**How to complete this task:** Word for word, copy all the data and drop the pictures.

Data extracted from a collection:
>>

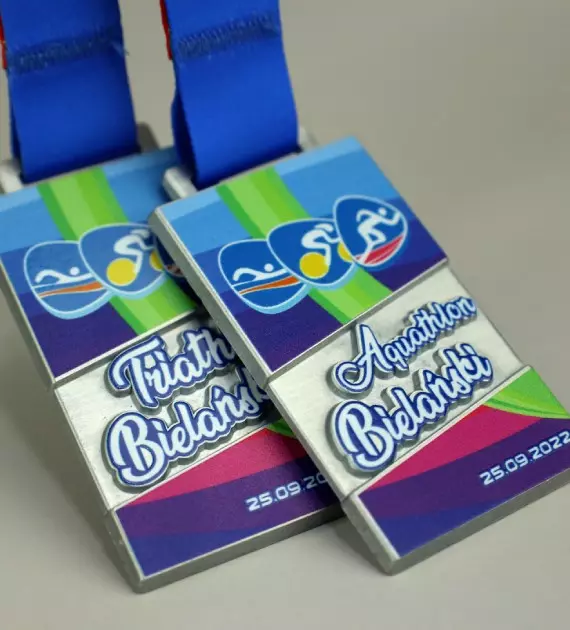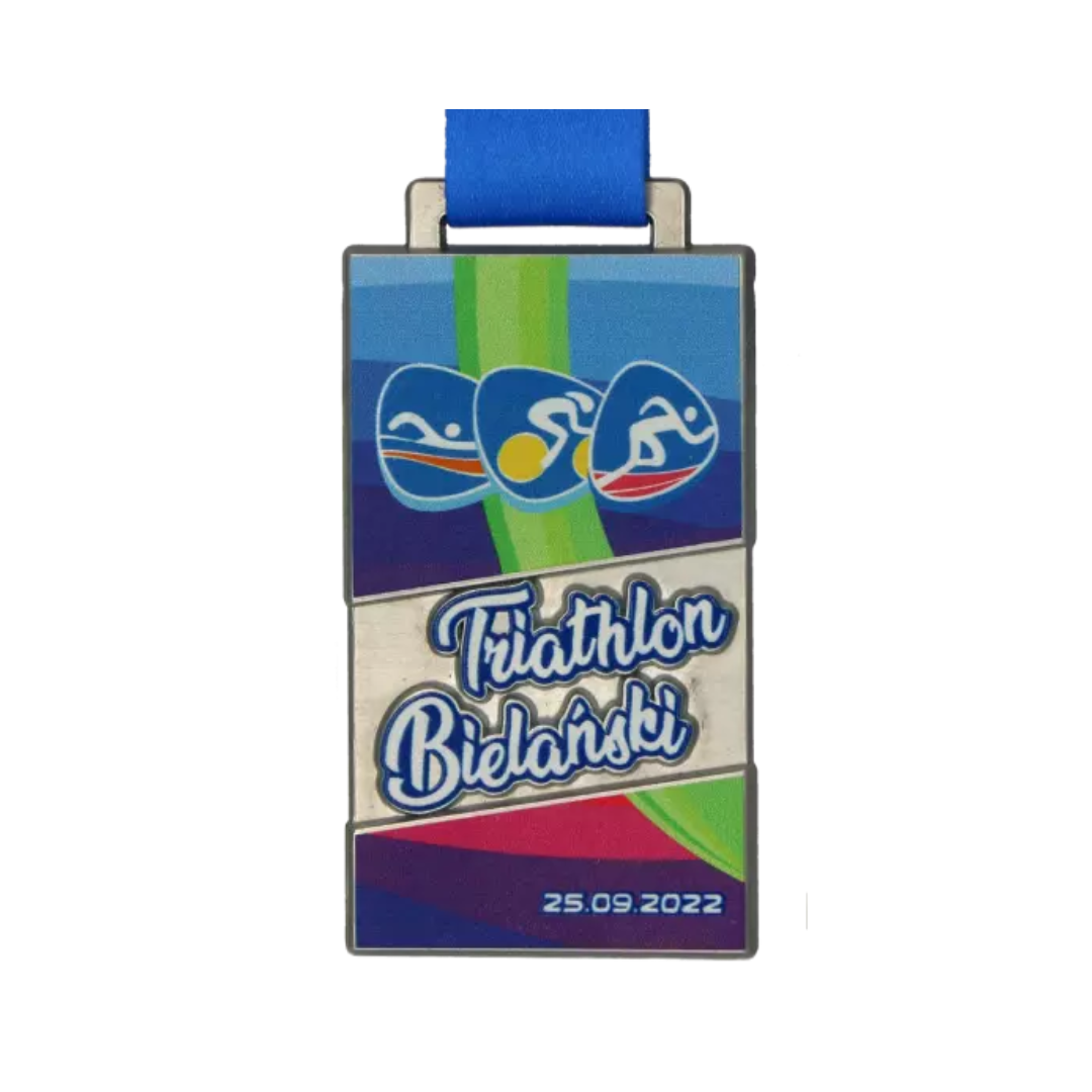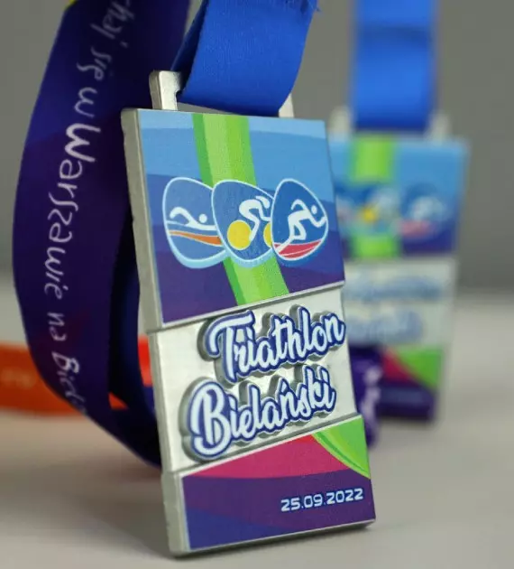 Medal odlewany Vision z kolorowym nadrukiem UV. Nagroda odlewana którą w większości pokrywa kolorowy, trwały nadruk UV. Wykonana na Triathlon Bielański aby wynagrodzić uczestnikom trud i wysiłek włożony w zawody. Wydarzenie dzieliło się na Triathlon i Aquathlon. Wybierając Triathlon Bielański, zawodnicy mieli do pokonania 400 m pływania, 12 km kolarstwa oraz 4 km biegu przełajowego. Z kolei uczestnicy Aquathlonu, mogli być początkującymi zawodnikami bowiem musieli przebyć 200 m płynąc oraz 1 km biegnąc.
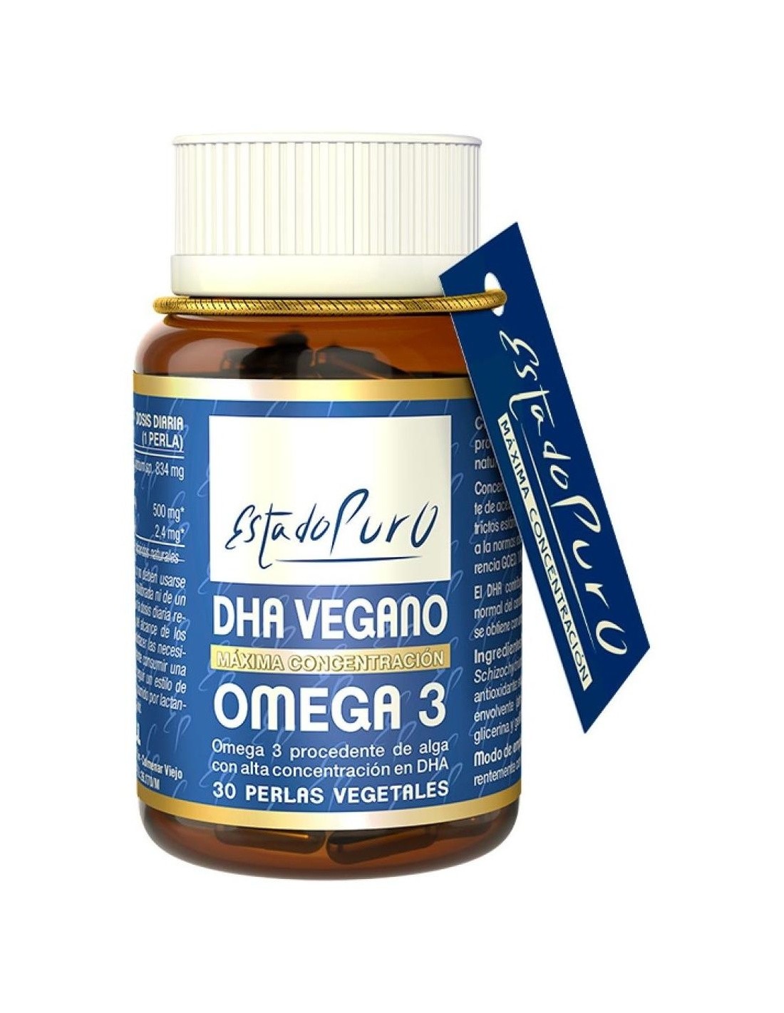 Concentrado natural de DHA (500 mg/perla) procedente de aceite de la microalga Schizochytrium sp., obtenido bajo los más estrictos estándares de calidad y pureza, de acuerdo con las normas establecidas por la Institución de Referencia GOED.Omega 3 en forma de Triglicéridos, forma en la que se encuentra naturalmente y que favorece la mayor biodisponibilidad. 100% sostenible. Se cultiva en biorreactores y no se agotan los recursos naturales ni se altera la biodiversidad.Altamente estable. Las cualidades del aceite se mantienen a lo largo del tiempo gracias a la mezcla de tocoferoles antioxidantes que le ofrecen protección durante el procesado y almacenamiento.Composición activa por perla:834 mg de Aceite de la microalga Schizochytrium sp (500 mg* de DHA y 2,4 mg* de EPA).(*) Ácidos Grasos Omega 3 como triglicéridos naturales.Otros ingredientes:Perla envolvente (almidón modificado, humectante: glicerina y gelificante: carragenano), aceite de girasol y antioxidante (extracto rico en tocoferoles).Modo de empleo:Tomar 1 perla al día, preferentemente con la comida.Presentación:Envase de 30 perlas vegetales.Recomendaciones y advertencias:Apto para veganos. Alérgenos: No contiene.
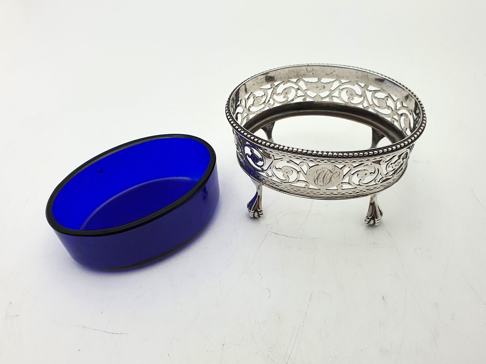 A Gorgeous Solid Silver George III Salt. The main body has delicately pierced decoration and stands four ball and claw feet. Marked ‘TD’ for Thomas Daniel and hallmarked for London, 1779.
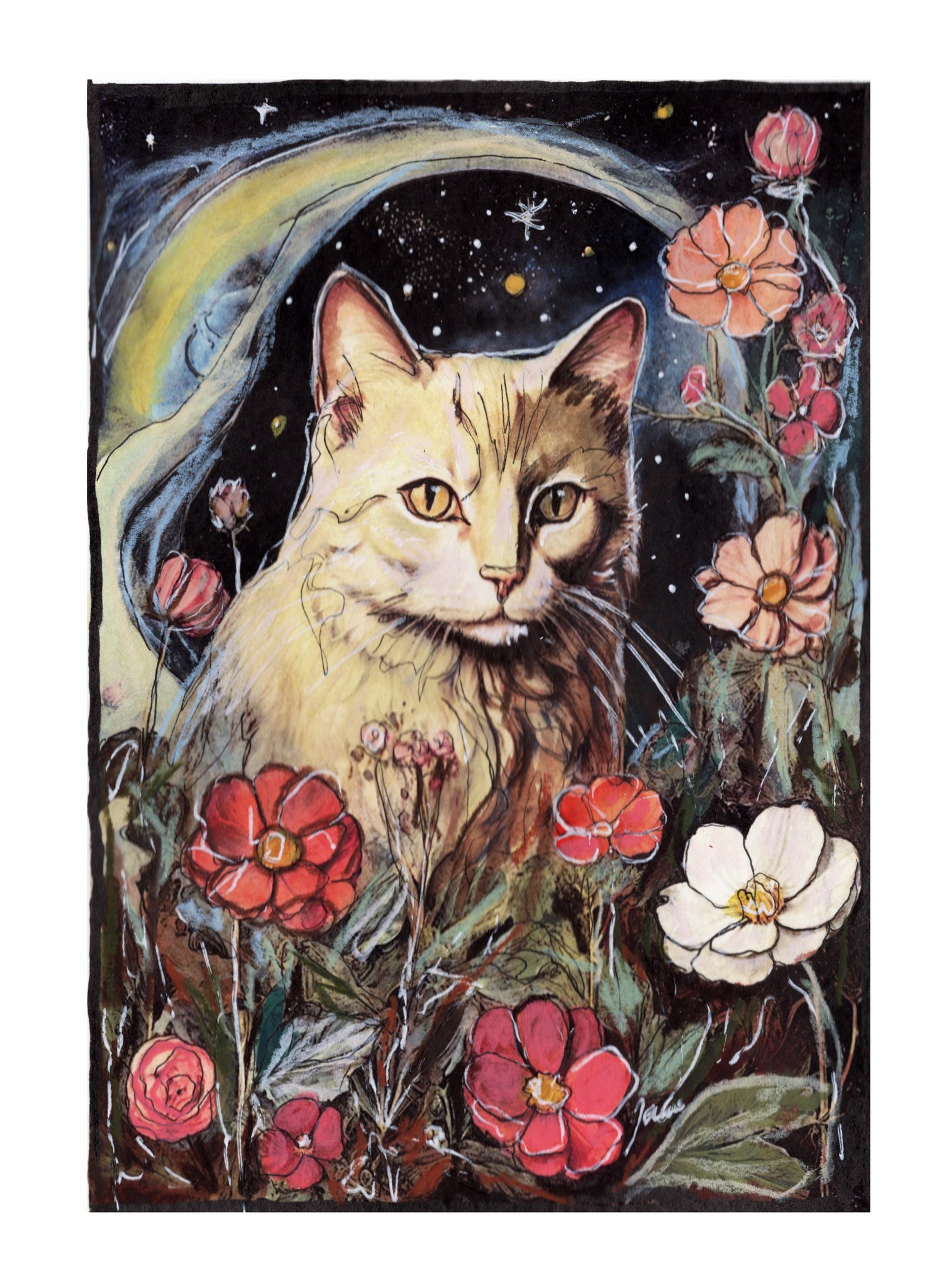 Na obrazie widzimy majestatycznego kota, który dominuje nad wszystkimi innymi elementami. Jego spojrzenie jest pełne tajemnicy, a sierść delikatnie łączy się z otoczeniem, tworząc płynne przejście do bajkowego kosmosu w tle. Kolory są żywe i nasycone, z przewagą głębokich czerni oraz jaskrawych czerwonych i białych kwiatów, które otaczają kota niczym magiczny ogród. Atmosfera jest niemalże kosmiczna, pełna marzeń i cudów, jakbyśmy spojrzeli przez okno do innego świata. Styl obrazu przypomina nieco ilustracje z książek dla dzieci - pełne detali, ale z lekką nutką surrealizmu. Artystyczne połączenie akwareli i tuszu dodaje dziełu świeżości i lekkości, a jednocześnie niezwykłej głębi. Dziecinna radość? No jasne! Patrząc na ten obraz, można poczuć się jak w magicznej bajce, gdzie wszystko jest możliwe, a koty mogą być królami nieboskłonu. Obraz może wywołać u odbiorcy zachwyt i uśmiech, ale też refleksję nad nieuchwytnością i tajemniczością wszechświata. Poczuj to "magic" w powietrzu. Wystarczy jedno spojrzenie, aby zanurzyć się w tym świecie i zostawić codzienne zmartwienia daleko w tyle. To jest coś więcej niż tylko obraz, to emocjonalna podróż do granic wyobraźni.
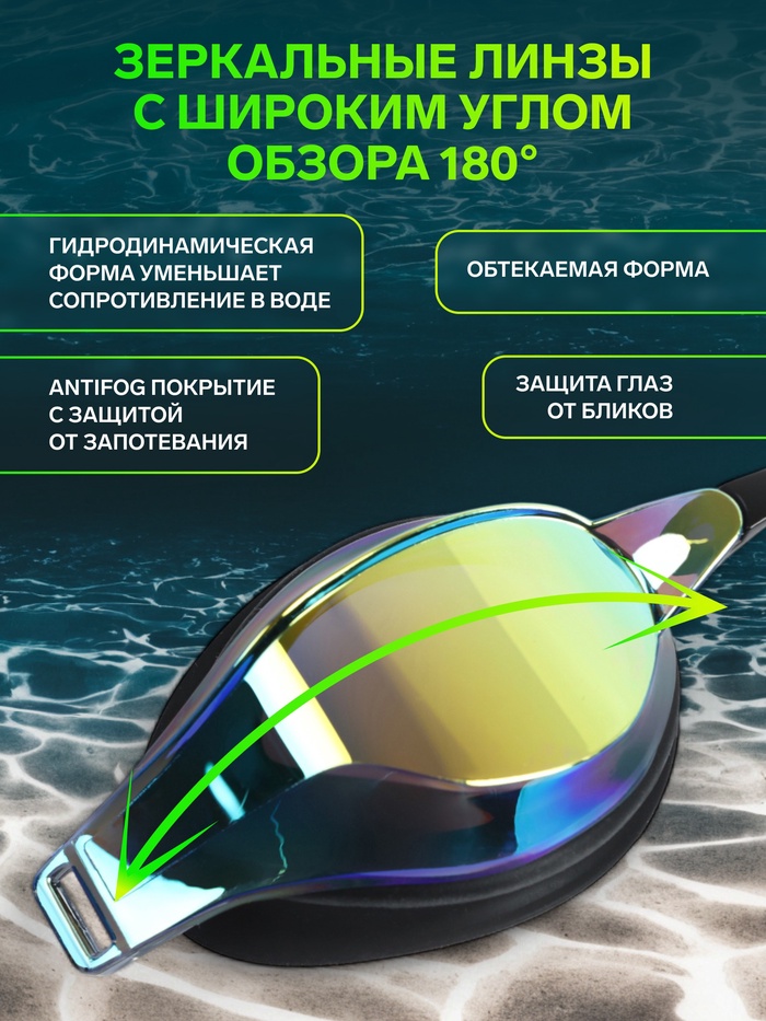 - Зеркальные линзы с широким углом обзора: 180-градусный угол обзора позволяет лучше ориентироваться под водой, а зеркальное покрытие снижает воздействие бликов, что особенно важно при ярком солнечном свете;
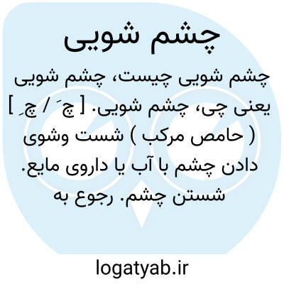 چشم شویی. [ چ َ / چ ِ ] ( حامص مرکب ) شست وشوی دادن چشم با آب یا داروی مایع. شستن چشم. رجوع به چشم شوی شود. || ( اِ مرکب ) در تداول عوام، ظرف چشم شویی را هم گویند. رج-وع به چشم شوی شود.
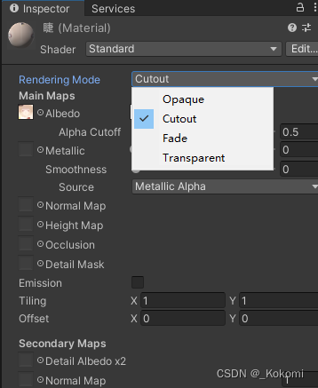 十三、至此已经完成导入,如模型出现异常请先检查相关材质是否已经先导入了,并且和原来PMX模型相对目录结构一致。 已导入的话,将材质的渲染模式改成Cutout。
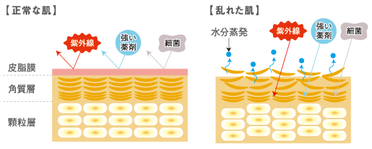 表皮の重要な働きのひとつは、さまざまな外的刺激(物理的・化学的)、乾燥、紫外線などに対して防御壁となる角質層を作ることであり、このターンオーバーによって防御壁は常に新しい状態を保ち、皮膚のバリア機能を果たしています。
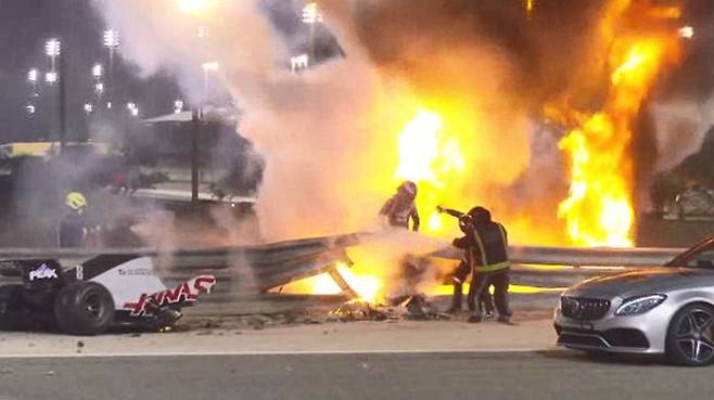 로맹 그로장이 몰던 차는 이날 직선 구간에서 앞차와 충돌한 뒤 보호 펜스에 한 번 더 충돌하고 곧바로 폭발해 두 동강이 났습니다.
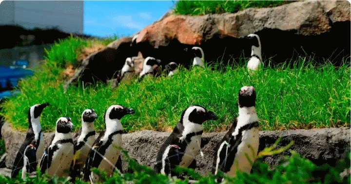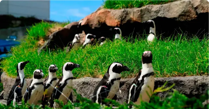 지역 주변을 행진하거나 해달 및 플라밍고와 함께 수영하는 펭귄 무리를 구경하세요.

<<

**Response:**
 Medal odlewany Vision z kolorowym nadrukiem UV. Nagroda odlewana którą w większości pokrywa kolorowy, trwały nadruk UV. Wykonana na Triathlon Bielański aby wynagrodzić uczestnikom trud i wysiłek włożony w zawody. Wydarzenie dzieliło się na Triathlon i Aquathlon. Wybierając Triathlon Bielański, zawodnicy mieli do pokonania 400 m pływania, 12 km kolarstwa oraz 4 km biegu przełajowego. Z kolei uczestnicy Aquathlonu, mogli być początkującymi zawodnikami bowiem musieli przebyć 200 m płynąc oraz 1 km biegnąc.
 Concentrado natural de DHA (500 mg/perla) procedente de aceite de la microalga Schizochytrium sp., obtenido bajo los más estrictos estándares de calidad y pureza, de acuerdo con las normas establecidas por la Institución de Referencia GOED.Omega 3 en forma de Triglicéridos, forma en la que se encuentra naturalmente y que favorece la mayor biodisponibilidad. 100% sostenible. Se cultiva en biorreactores y no se agotan los recursos naturales ni se altera la biodiversidad.Altamente estable. Las cualidades del aceite se mantienen a lo largo del tiempo gracias a la mezcla de tocoferoles antioxidantes que le ofrecen protección durante el procesado y almacenamiento.Composición activa por perla:834 mg de Aceite de la microalga Schizochytrium sp (500 mg* de DHA y 2,4 mg* de EPA).(*) Ácidos Grasos Omega 3 como triglicéridos naturales.Otros ingredientes:Perla envolvente (almidón modificado, humectante: glicerina y gelificante: carragenano), aceite de girasol y antioxidante (extracto rico en tocoferoles).Modo de empleo:Tomar 1 perla al día, preferentemente con la comida.Presentación:Envase de 30 perlas vegetales.Recomendaciones y advertencias:Apto para veganos. Alérgenos: No contiene.
 A Gorgeous Solid Silver George III Salt. The main body has delicately pierced decoration and stands four ball and claw feet. Marked ‘TD’ for Thomas Daniel and hallmarked for London, 1779.
 Na obrazie widzimy majestatycznego kota, który dominuje nad wszystkimi innymi elementami. Jego spojrzenie jest pełne tajemnicy, a sierść delikatnie łączy się z otoczeniem, tworząc płynne przejście do bajkowego kosmosu w tle. Kolory są żywe i nasycone, z przewagą głębokich czerni oraz jaskrawych czerwonych i białych kwiatów, które otaczają kota niczym magiczny ogród. Atmosfera jest niemalże kosmiczna, pełna marzeń i cudów, jakbyśmy spojrzeli przez okno do innego świata. Styl obrazu przypomina nieco ilustracje z książek dla dzieci - pełne detali, ale z lekką nutką surrealizmu. Artystyczne połączenie akwareli i tuszu dodaje dziełu świeżości i lekkości, a jednocześnie niezwykłej głębi. Dziecinna radość? No jasne! Patrząc na ten obraz, można poczuć się jak w magicznej bajce, gdzie wszystko jest możliwe, a koty mogą być królami nieboskłonu. Obraz może wywołać u odbiorcy zachwyt i uśmiech, ale też refleksję nad nieuchwytnością i tajemniczością wszechświata. Poczuj to "magic" w powietrzu. Wystarczy jedno spojrzenie, aby zanurzyć się w tym świecie i zostawić codzienne zmartwienia daleko w tyle. To jest coś więcej niż tylko obraz, to emocjonalna podróż do granic wyobraźni.
 - Зеркальные линзы с широким углом обзора: 180-градусный угол обзора позволяет лучше ориентироваться под водой, а зеркальное покрытие снижает воздействие бликов, что особенно важно при ярком солнечном свете;
 چشم شویی. [ چ َ / چ ِ ] ( حامص مرکب ) شست وشوی دادن چشم با آب یا داروی مایع. شستن چشم. رجوع به چشم شوی شود. || ( اِ مرکب ) در تداول عوام، ظرف چشم شویی را هم گویند. رج-وع به چشم شوی شود.
 十三、至此已经完成导入,如模型出现异常请先检查相关材质是否已经先导入了,并且和原来PMX模型相对目录结构一致。 已导入的话,将材质的渲染模式改成Cutout。
 表皮の重要な働きのひとつは、さまざまな外的刺激(物理的・化学的)、乾燥、紫外線などに対して防御壁となる角質層を作ることであり、このターンオーバーによって防御壁は常に新しい状態を保ち、皮膚のバリア機能を果たしています。
 로맹 그로장이 몰던 차는 이날 직선 구간에서 앞차와 충돌한 뒤 보호 펜스에 한 번 더 충돌하고 곧바로 폭발해 두 동강이 났습니다.
 지역 주변을 행진하거나 해달 및 플라밍고와 함께 수영하는 펭귄 무리를 구경하세요.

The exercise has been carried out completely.